## Required action
From the listing below, copy only the lines from the line that contains "图5:四种加速器:CPU和G" to the line that contains "Tazzina con piattino", counting those two lines as part of the copy.

## The input
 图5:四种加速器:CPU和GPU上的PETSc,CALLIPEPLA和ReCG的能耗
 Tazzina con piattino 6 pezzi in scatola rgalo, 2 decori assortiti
* * *
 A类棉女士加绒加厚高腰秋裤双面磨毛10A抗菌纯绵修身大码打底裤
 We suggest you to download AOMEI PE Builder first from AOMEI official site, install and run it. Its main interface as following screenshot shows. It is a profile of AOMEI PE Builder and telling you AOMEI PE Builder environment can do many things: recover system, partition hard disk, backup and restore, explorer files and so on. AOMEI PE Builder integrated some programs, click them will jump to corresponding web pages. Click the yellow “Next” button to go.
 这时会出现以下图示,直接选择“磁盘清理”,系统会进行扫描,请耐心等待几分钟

## Your response
 图5:四种加速器:CPU和GPU上的PETSc,CALLIPEPLA和ReCG的能耗
 Tazzina con piattino 6 pezzi in scatola rgalo, 2 decori assortiti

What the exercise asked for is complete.